SOURCE DATA: Begin

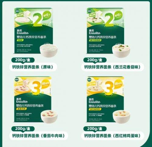 米面类:分阶米粉(基础款加铁 / 钙 / 锌、高端款 HMO 高蛋白、有机款五常大米)、分阶面条(1 阶粒粒面、2 阶碎碎面、3 阶线面、4 阶彩蝶面、5 阶螺旋面),有机面条选用新疆阿勒泰有机小麦,添加多种谷蔬与肉类;
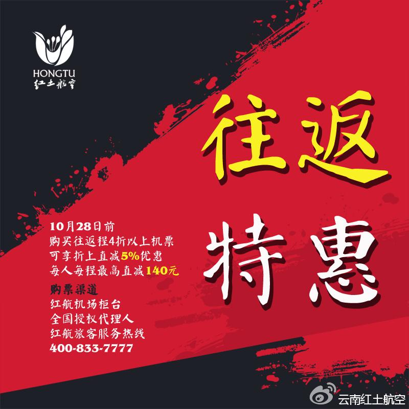 云南紅土航空即日起至10月28日推出“多人特惠”、“往返特惠”等機票產品和“有獎密令”購票有禮活動,為廣大旅客假期出游帶來更多實惠和樂趣。
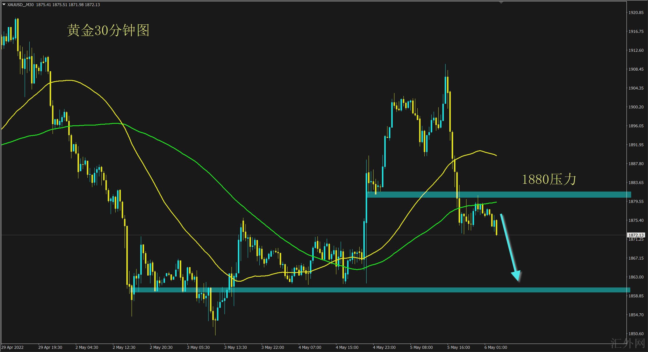 黄金1880空,止损1887,计划1860-1850 (仅供参考,并没有组成事实切入位)

SOURCE DATA: End

(ASSIGNMENT) Everything in the preceding material must be transcribed exactly, except the images.

(ANSWER SPACE)
 米面类:分阶米粉(基础款加铁 / 钙 / 锌、高端款 HMO 高蛋白、有机款五常大米)、分阶面条(1 阶粒粒面、2 阶碎碎面、3 阶线面、4 阶彩蝶面、5 阶螺旋面),有机面条选用新疆阿勒泰有机小麦,添加多种谷蔬与肉类;
 云南紅土航空即日起至10月28日推出“多人特惠”、“往返特惠”等機票產品和“有獎密令”購票有禮活動,為廣大旅客假期出游帶來更多實惠和樂趣。
 黄金1880空,止损1887,计划1860-1850 (仅供参考,并没有组成事实切入位)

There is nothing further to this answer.